The normal approximation is given as:

$K=0: 0.0904, 0.2307, 0.3154$...... and so on.

Ok, I've been trying to figure out how to arrive at normal approximations given above, but to no avail.

Do I use: $a_k = h*{ 1 \over {\sqrt{2 \pi}}} e^{{-0.5(kh)}^2}$

where h= ${1 \over {\sqrt{2 \pi npq}}}$

For example,
$a_0 = { 1 \over {\sqrt{2 \pi}}} {1 \over {\sqrt{2 \pi 10*0.2*0.8}}} = 0.1258$

which is different from the answer given.
I thank you for your comments. This is a particularly vexing problem, as I want to thoroughly understand the inner workigs of Normal Approximations.

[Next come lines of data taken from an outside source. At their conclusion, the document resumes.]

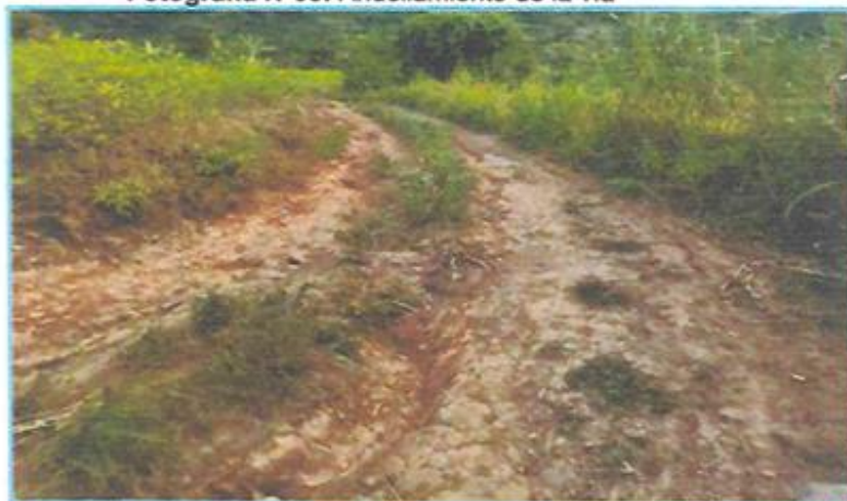
Fotografía N°03: Ahuellamiento de la vía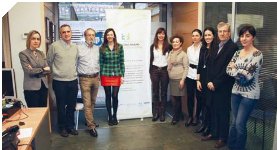
Equipo de trabajo del Protocolo Bilbao Neurología – Atención Primaria.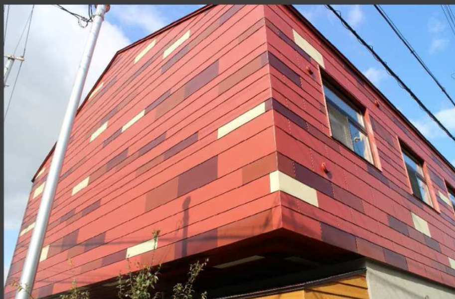
金田幼稚園(大阪府) 耐磨カラーGL B型/Cs型/特注幅 (4色ランダム葺き)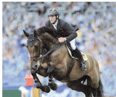
Noltes Küchengirl v. Lord Z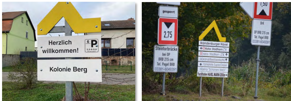
Abbildung 34.1,2: "Gelbe Welle" in Zerpenschleuse und Brandenburg (Havel).

Die bundesweit verbreitete, ehemals in Berlin-Köpenick entwickelte „Gelbe Welle“ stellt ein wasserseitiges Informationssystem da. Mit dem weit sichtbaren gelben Symbol soll Bootsfahrenden ein „Herzlich Willkommen“ signalisiert werden. Die Gelbe Welle ist in der Regel direkt vor oder an den Steganlagen angebracht und weist auf das Vorhandensein von Gastliegeplätzen hin. Sie kennzeichnet jedoch keine einzelne Liegeplätze, seitens der Skipper:innen ist beim weiteren Anfahren zu prüfen, wo angelegt werden kann. In der Gemeinde Schwielowsee und in Kloster Lehnin wird die Gelbe Welle auch zur Kennzeichnung von Kanu-Aussatzstellen genutzt. Darüber hinaus ist die Gelbe Welle auch als Willkommensschild an den wasserseitigen Eingängen innerhalb der Stadt Brandenburg an der Havel installiert. Die Gelbe Welle kommt zum Teil auch bereits in der Region Finowkanal zum Einsatz.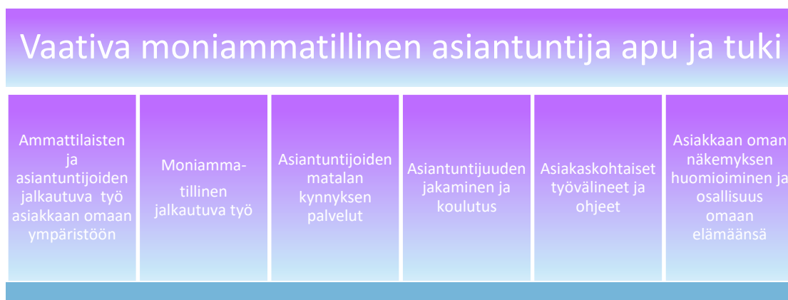
KUVIO 4. Vaativa moniammatillinen asiantuntija apu ja tuki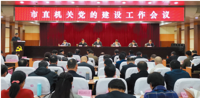
全市机关党的建设工作会议召开。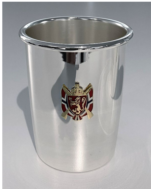
Post 1.16 b) Alternativt mesterskapsbeger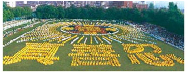
湖北省武汉市，5000 多法轮功学员集体炼功，组成“法轮图形”和“真善忍” ---1997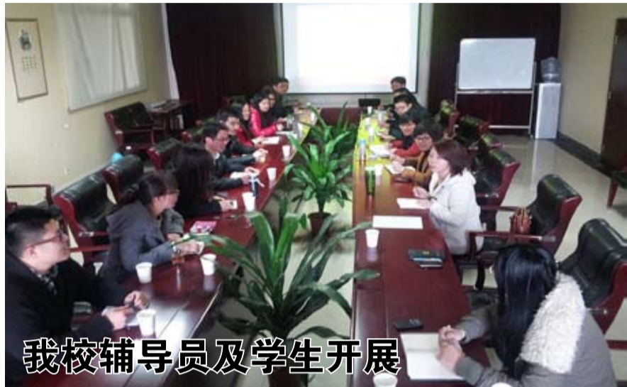
我校辅导员及学生开展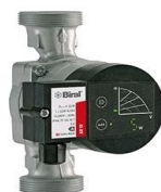
Biral Typ AX12-1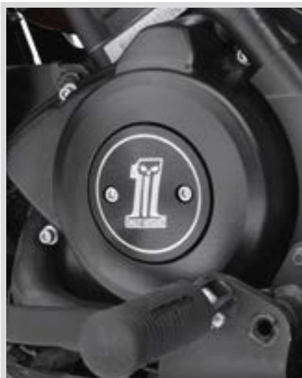
C. DARK CUSTOM LOGO KOLLEKTION – MEDAILLON LINKE SEITE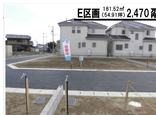
E区画 181.52㎡ (54.91坪) 2,470万円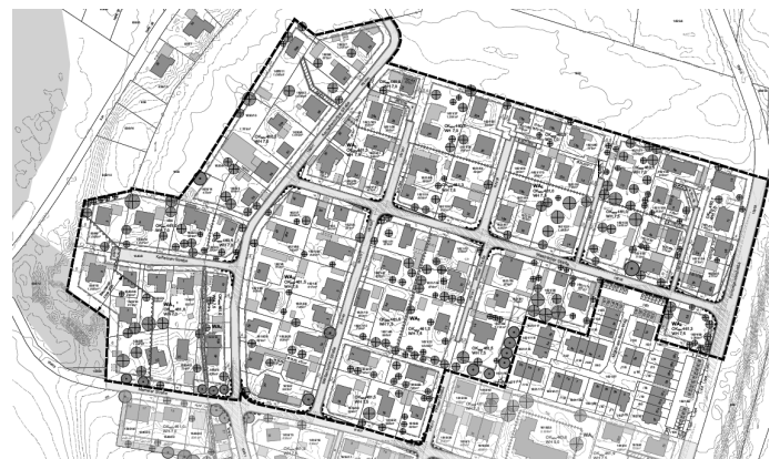
Bebauungsplan „Redenfelden-West Teil III“

Der Gemeinderat hat in seiner Sitzung vom 15.10.2024 die Anregungen zur Aufstellung des Bebauungsplanes „Redenfelden – West I, Teil II + III“ nach der vorgezogenen Bürgerbeteiligung bzw. der Beteiligung der Träger öffentlicher Belange nach § 4 Abs. 1 BauGB behandelt.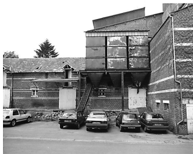
Partie ancienne de l'usine (sur la gauche) et bâtiments construits en 1962 avec les silos datant des années 1970.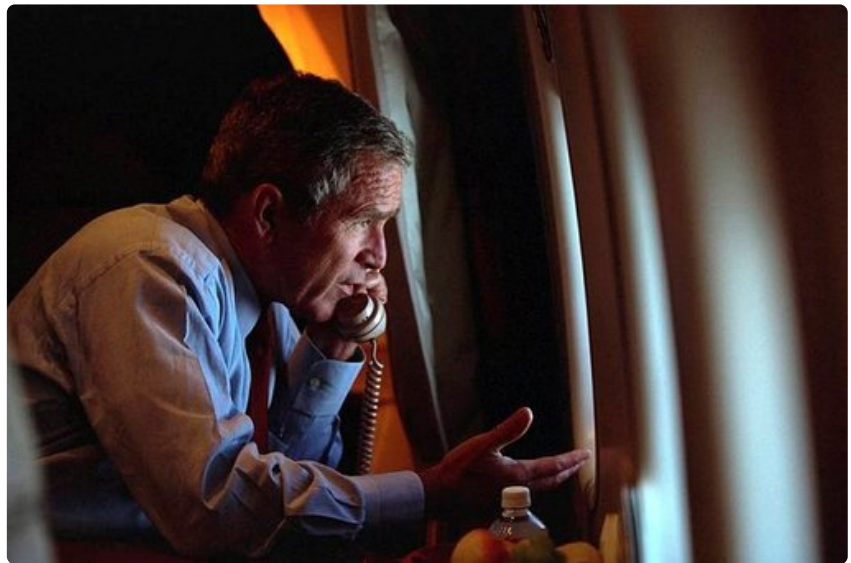
George W. Bush puhumassa varapresidenttinsä kanssa puhelimesta 11.9.2001.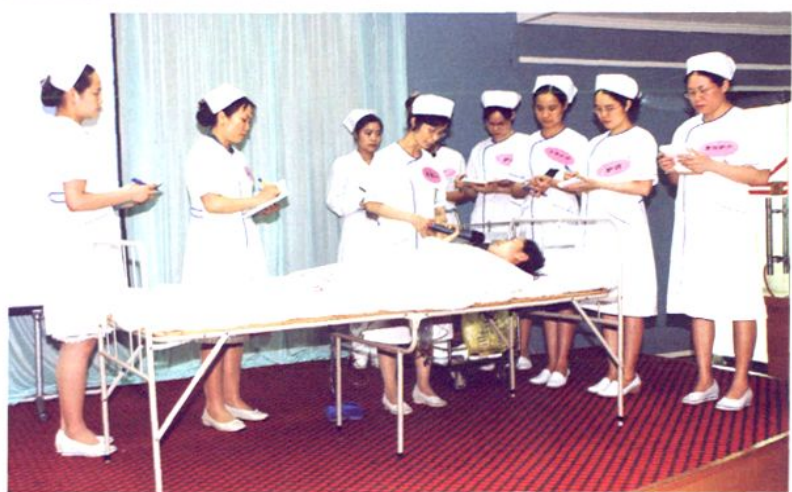
医院护理技能培训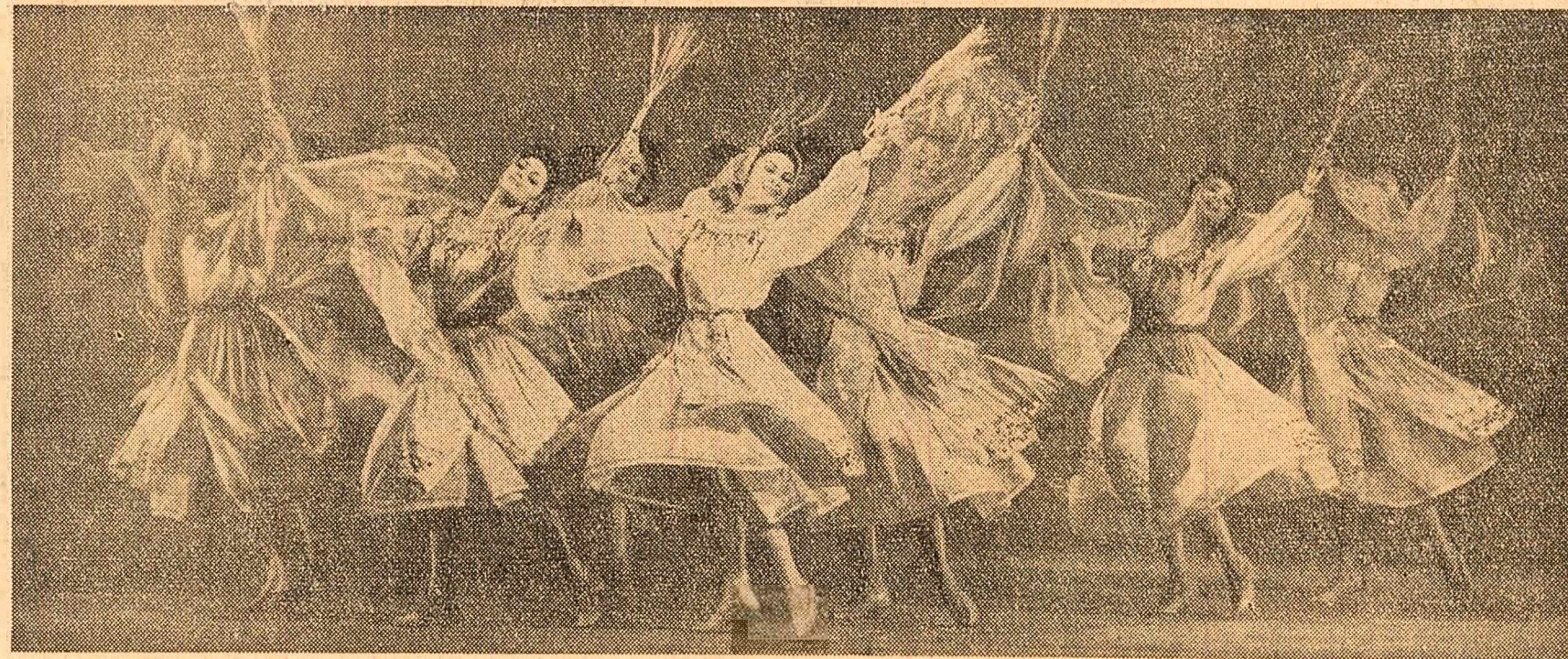
Scenă din spectacolul Ansamblului „Rapsodia Română”

2. Originally Posted by chopet
There is an example on the normal approximation for binomial distribution.
Given n =10, p = 0.2.
We calculate binomial distribution from k=0 to k=6.

$k=0: {10 \choose 0}p^0 q^10 = 0.1074$

$k=1: {10 \choose 1}p^1 q^9 = 0.2684$

$k=2: {10 \choose 2}p^2 q^8 = 0.3020$
... and so on.

The normal approximation is given as:

$K=0: 0.0904, 0.2307, 0.3154$...... and so on.

Ok, I've been trying to figure out how to arrive at normal approximations given above, but to no avail.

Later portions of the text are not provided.